Cyber attack yesterday, was possibly powered by IoT devices

[Billb2]

Still waiting for the first pacemaker hack..............
If that happens things will move along quickly when CNN goes ballistic.

 

[VirtualLarry]

Hmm, my internet went out the other day, and my FIOS router's power light was flashing green, for a short bit. Seemed like a soft-reset? Maybe due to a firmware flash?

Initially, I thought that Verizon was updating the firmware to block out this botnet, but now I think it might be 0wn3d by the botnet.

I know that Verizon FIOS routers are open to the "outside", at least to the extent that the manageability ports are open from the outside. They're supposedly protected, but who knows how well.

 

[Ichinisan]

I have wifi but I have it on a separate vlan, I do not like making stuff wireless unless it is specifically a mobile device. I wire everything that is stationary.

My biggest fear though is that Intel backdoor that was discovered a while back. It's essentially a separate cpu running on the same die. Very little is known about it, but essentially there is a backdoor where it can either use your NIC to communicate out, or it's built in 3G radio. There is very to little info about this or how to protect yourself. I was toying with a faraday cage for whole server room but it would require a pretty serious overhaul as I have a lot of stuff attached to the ceiling, not to mention the floor. And even if I succeed in blocking all RF, it can still use the NIC, and probably does so at a very low level so any amount of software firewall won't be enough. All the cpus/nics will just talk to each other at it's own layer 1, perhaps at a slightly different voltage or something. At least in theory. Little is known about how this actually works.

I would not be surprised if AMD does the same. This is probably mandated by the government.

https://www.youtube.com/watch?v=EjbQ-BDh4PU#t=1m19s

Watch from 1m19s to 2m12s.

 

[Ichinisan]

Yeah but it's also good idea to not actually connect stuff directly to the internet. even a basic NAT firewall will protect you. That's what I'm wondering about all these IoT devices being hacked... are people actually connecting these stuff DIRECTLY, like without a router? Or are they actually port forwarding... telnet, of all things? It just seems strange to me.

Devices can open up ports using UPnP. Also, with IPv6, there's no such thing as NAT.

 

[Eug]

What devices are we talking about? I can't any reference anywhere as to specific models hacked. I'm curious because not only do they need to be compromised, they also have to be directed to attack somehow.
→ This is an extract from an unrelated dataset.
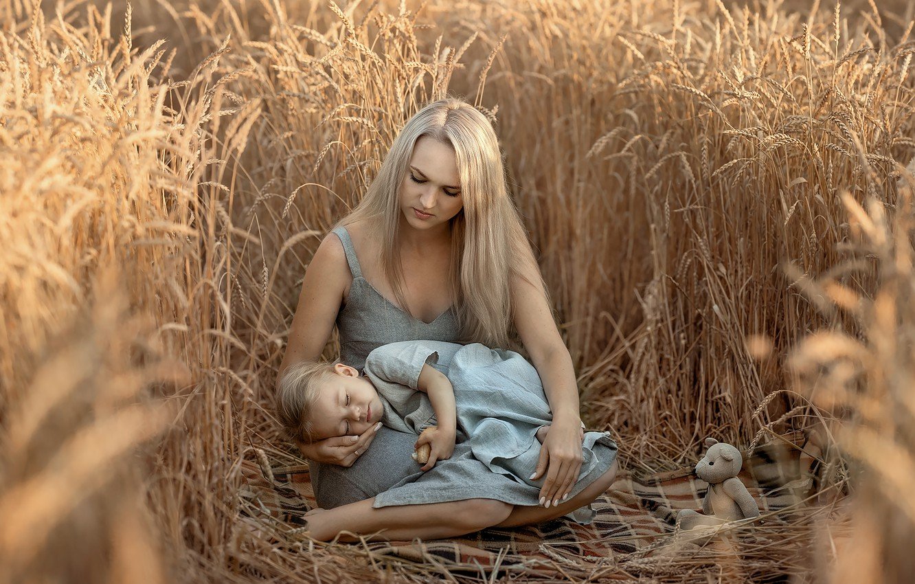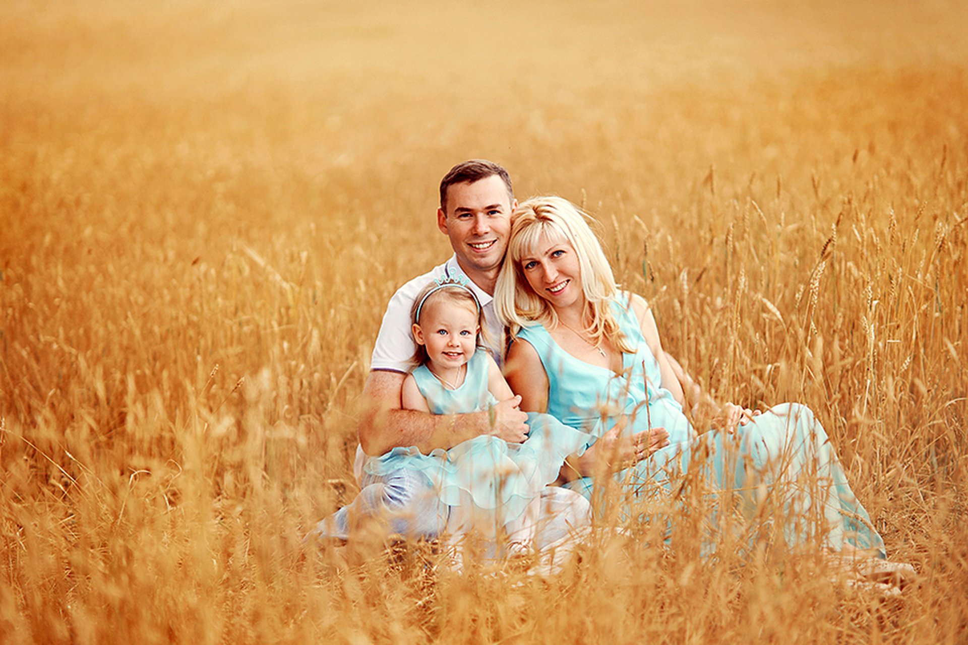 Семья в пшеничном поле

Are they writing scripts for all of these?

And yeah, whoever coined the phrase "Internet of Things" should be shot. The name is insanely stupid.

 

[Ken g6]

What devices are we talking about? I can't any reference anywhere as to specific models hacked. I'm curious because not only do they need to be compromised, they also have to be directed to attack somehow. Are they writing scripts for all of these?

Mirai supposedly hacks devices running BusyBox. Beyond that I suppose it's either a case of finding exploits or having a list of default passwords.

 

[Red Squirrel]

Devices can open up ports using UPnP. Also, with IPv6, there's no such thing as NAT.

Oh yikes do these actually open up ports with UPnP? Definitely a stupid implementation if that's the case. UPnP in general is a bad idea and should be turned off, but often is not. Lack of NAT in IPv6 is an issue too, I knew it would be from the get go when I heard about it but it seems to hurt lot of IPv6 people's feelings when you mention NAT. 😛 With a proper firewall like pfsense you don't necessarily need NAT, but most people won't have that.


But yeah typically if something like this gets exploited the script is then loaded and then other devices are exploited from it.

I enabled SSH without fail2ban on an internet facing VM once for fun. It was hacked within 5-10 minutes. By the time I noticed (my internet was essentially part of a DDoS at this point so it took no more than a few minutes to narrow it down) my hacked VM had already hacked 3 different SSH servers. One was a university somewhere in the states and another was some kind of federal server of sorts. IP was owned by DoD. I can't recall what the other was, just something less high profile like another home user or something. The script was nice enough to leave logs of what it did. Just comes to show how fast it can happen without proper security in place.

 

[Imp]

Hmm, my internet went out the other day, and my FIOS router's power light was flashing green, for a short bit. Seemed like a soft-reset? Maybe due to a firmware flash?

Initially, I thought that Verizon was updating the firmware to block out this botnet, but now I think it might be 0wn3d by the botnet.

I know that Verizon FIOS routers are open to the "outside", at least to the extent that the manageability ports are open from the outside. They're supposedly protected, but who knows how well.

A router/modem that auto-updates? I'm surprised... but I shouldn't considering that my cable box does it every freaking night at 2am.

 

[ultimatebob]

I would not even bother sending the password to them. They'd be locked out until they smarten up and don't expose that shit to the internet in first place.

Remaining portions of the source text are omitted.